Em se tratando de pragas, os pesquisadores da Embrapa entram em contato, em até 4 dias úteis, com os produtores para colherem elementos que possam direcionar o início da investigação. O órgão pontuou ainda que, por se tratar de um plantio pouco comum no Ceará, as Embrapa Agroindústria Tropical (Fortaleza) e Embrapa Semiárido (Petrolina), não possuem pesquisadores que trabalham especificamente com o figo.
Do acaso ao matrimônio
Neste ano de 2021, o casal Takeo e Nobue farão Bodas de Platina. O início desta união matrimonial prestes a completar 65 anos foi fruto de um acaso e tem o Brasil como importante elemento. Eles se conheceram nas aulas preparatórias para imigração promovidas pela Associação Rikkouka.

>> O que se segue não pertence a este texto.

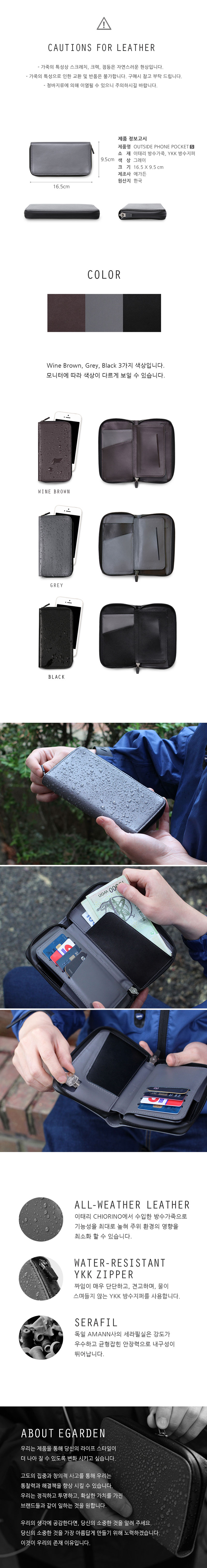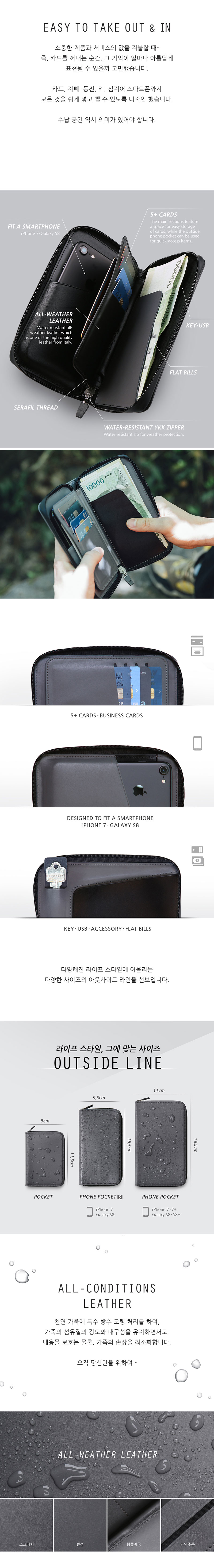 방수지퍼와 방수가죽으로 어떠한 상황에서도 보호되는 지갑.

Os japoneses que desejavam imigrar ao Brasil se inscreviam nesta associação e, ao terem o pedido aceito, esses jovens ficavam por alguns meses em uma espécie de alojamento antes de os barcos partirem para o Brasil. Neste ínterim, tinham aulas sobre geografia, cultura, línguas e folclore brasileiro.
Nobue foi a primeira a ingressar. No entanto, seu processo enfrentou percalços. Ela lembra que ao se dirigir à repartição, foi informada que "todas as mulheres só iam casadas". Solteira, Nobue relutou.

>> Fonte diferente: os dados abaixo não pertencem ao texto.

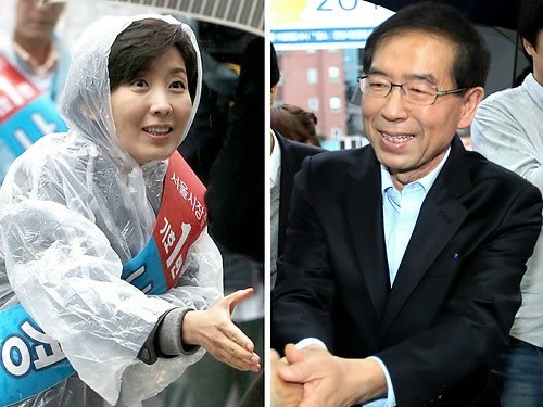 특히 24일 안철수 서울대 융합과학기술대학원장이 야권 박원순 후보 지지 입장을 공개적으로 표명하면서 선거 구도가 한나라당 박근혜 전 대표와 안 원장의 대리전 양상으로 굳어지고 있다.

"Perguntou se homem sozinho poderia ir, e ao responderem que sim, ela argumentou de que se haviam homens que iam sozinhos, era preciso mulheres que fossem sozinhas, para fazer companhia e dar força para esses homens", narra a filha Cristina.
A insistência deu certo e os funcionários da Associação permitiram seu ingresso no alojamento. Semanas depois chega Takeo. O namoro foi questão de tempo. O casal conta que depois de alumas semanas de aproximação, começarm a namorar. Era o primeiro relacionamento de Takeo.
Antes do dia da partida, Nobue levou o companheiro para conhecer a família em Tókio, e Takeo fez o mesmo, levando-a à Okayama. Naquele período ficaram noivos e selaram o compromisso de se casarem tão logo chegassem ao Brasil. Ela pisou em solo brasileiro no dia 13 de março de 1956 e Takeo chegou em 18 de maio daquele mesmo ano.
Em 26 de dezembro de 1956 a promessa foi cumprida e os dois se casaram. Naquele mesmo ano, o acaso novamente sinalizou o que o destino reservaria para ambos. Com poucos recursos financeiros, Takeo e Nobue passaram a morar em uma pequena casa na cidade de Mogi das Cruzes.
A cama em que o casal dormiu a primeira noite foi improvisada, feita com caixas de madeira de tomate, forradas com sacos de pano de adubos alvejados. Começava ali o matriônimo que perdura até hoje.
Vitória e Antônio
Por terem nomes complicados ao idoma português, criou-se a cultura de os imigrantes japoneses que vinham ao Brasil escolherem seus nomes de batismo. Takeo, passou a chamar-se Antônio. "Meu pai conta que escolheu esse nome por ter interpretado Antônio de Valença, na peça “O Mercador de Veneza” no teatro do colégio", revela Cristina, ao traduzir um trecho do livro que os pais estão escrevendo sobre a vinda deles ao Brasil.
Sua companheira ganhou o nome de Vitória. "Escolhi o nome de Vitória para você, porque que essa palavra tanto em espanhol como em português significa ser vencedor, ter sucesso e eu sei que daqui para a frente passaremos por momentos muitos difíceis e teremos vontade de desistir de tudo. Nesses momentos vou lembrar do seu nome e continuaremos a luta", descreve Takeo, em seu livro que está em produção.